Antara Ahok, Aku, dan Adikku

Jumat, 9 Oktober 2015 saya sekeluarga terbang ke Jakarta via Juanda, Surabaya sebab besoknya harus hadir di pernikahan adikku. Lebih kurang 1000 Km Surabaya – Jakarta hanya ditempuh  90 menit. Itu biasa!

share

Berangkat!

Sabtu, 10 Oktober 2015 sekira pukul 2 malam kami semua harus bangun. Persiapan berangkat ke tempat perhelatan di Jakarta Timur yang hanya 10 Km dari tempat menginap. Aqad nikah akan dilaksanaan sekira pukul 08.00 Wib. Alamak, apa pasal sepagi ini harus bangun. Padahal, cuma sepuluh kilometer? Menghindari macet Bro! Macak cih, aku tak percaya.

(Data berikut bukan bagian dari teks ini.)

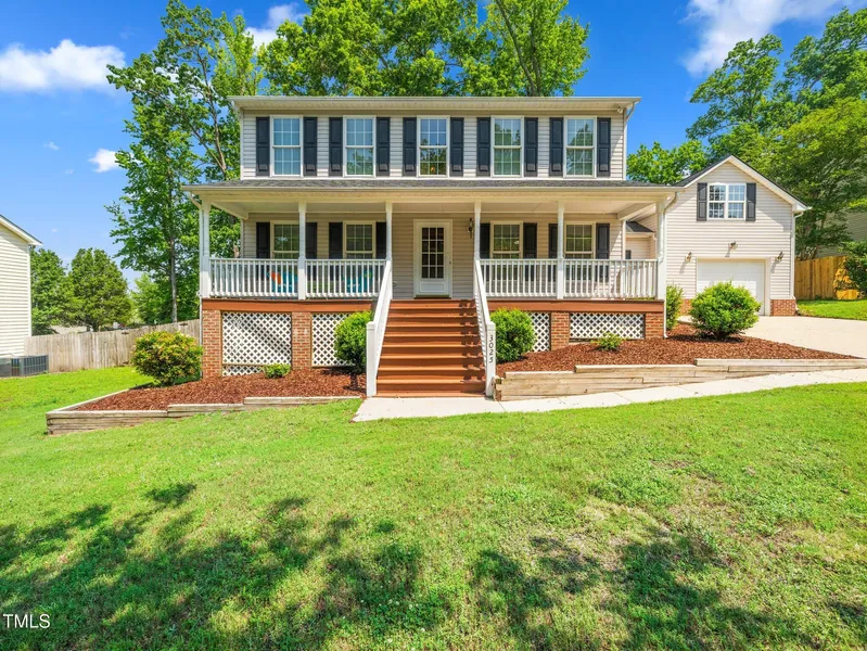 Charming Two-Story Retreat in Wake Forest. Welcome to your dream home nestled in a serene and tranquil setting in beautiful Wake Forest. Just 12 minutes from major shopping and Triangle Town Center, this inviting two-story residence blends peaceful suburban living with unbeatable convenience. From the moment you arrive, the charming rocking chair front porch sets the tone for relaxed Southern living. Step inside to an open and airy floor plan filled with natural light and stylish upgrades. The spacious living and dining areas boast brand-new luxury plank vinyl (LPV) flooring that flows seamlessly into the heart of the home—a stunning, fully renovated kitchen. Here you'll find brand-new granite countertops, a new LG electric range, sleek stainless steel sink, and all-new cabinetry that elevates both function and style. The primary owner's suite is conveniently located on the main floor, offering a private haven of comfort and ease. Upstairs, you'll find three generously sized bedrooms and a versatile loft—perfect for a home office, playroom, or media space. Additional storage is available via a pull-down staircase leading to a spacious area over the garage. Enjoy quiet mornings or evening gatherings on the expansive rear deck overlooking the natural surroundings. For added convenience, the property includes a detached 8 x 16 storage shed—ideal for gardening supplies, lawn equipment, or seasonal decor. And for those warm summer days, the neighborhood pool just down the street offers the perfect retreat—included in the quarterly HOA dues. A new roof was installed in 2021, adding peace of mind to the list of updates in this thoughtfully maintained home. Whether you're entertaining, relaxing, or simply enjoying the comfort of your surroundings, this home offers it all. Nearby Greenway Trails to enjoy nature. Come experience this Wake Forest gem where charm, space, and location come together to create the perfect place to call home.

Habis sholat subuh langsung tancap gas. Tiga mobil yang tersedia, salah satunya akulah drivernya. Bismillah! Ha…benar, khan. Mana macet? Lancar saja kok. Tiba di TKP bahkan pintu gerbang area belum dibuka. Adikku tersenyum saja. Senyum karena sewotku atau karena bahagia yang sebentar lagi bersanding mesra di pelaminan. Hemm!

IMG_0506.JPG

Wakil Tim

Perhelatan usai pukul 14 wib, kami harus pulang ke tempat inap. Tiga mobil harus beriringan lagi. Bayanganku seperti tadi pagi. Salah pollllllll! Mulai keluar area komplek TNI tempat gedung itu berada masuk ke jalan utama mataku mulai terbelalak. Jubelan mobil berbagai merk memenuhi jalanan Jakarta. Mobil iringan merangkak pelan kayak bekicot. Waduhhhh, mulai nervous nih. Kaki mulai keder. Ac mobil tak bisa menghalangi keluarnya keringat dingin. Tenang, supirrrrr, bisikku sendiri. Nasib mobil pinjaman ini dan penumpangnya tanggung jawabmu! Aku coba ikuti mobil di depanku sebab aku iringan yang di tengah. Mata fokus ke depan, Eitt, gas…eit..rem..oper gigi. Aduhhhhh biyung, kaki mulai kesemutan pegel-pegel injak gas, rem, gas, rem!

IMG_1112.JPG

Hibur Diri

Alhasil, jarak 10 Km yang tadi pagi hanya ditempuh 30 menit, kini sampai rumah habis magrib bahkan hampir isyak. Alamak, berarti di jalanan tadi kurang lebih 5 jam. Busyett, deh..eh..astagfirullah! Ini baru RUARRR…BIASA! Itu artinya orang Jakarta harus rajin solat qodho’ atau qoshor sebab macet itu sudah rutinitas Jakarta. Aku berpikir kalau begini terus aku bisa stres dan mungkin mati duduk di kendaraan.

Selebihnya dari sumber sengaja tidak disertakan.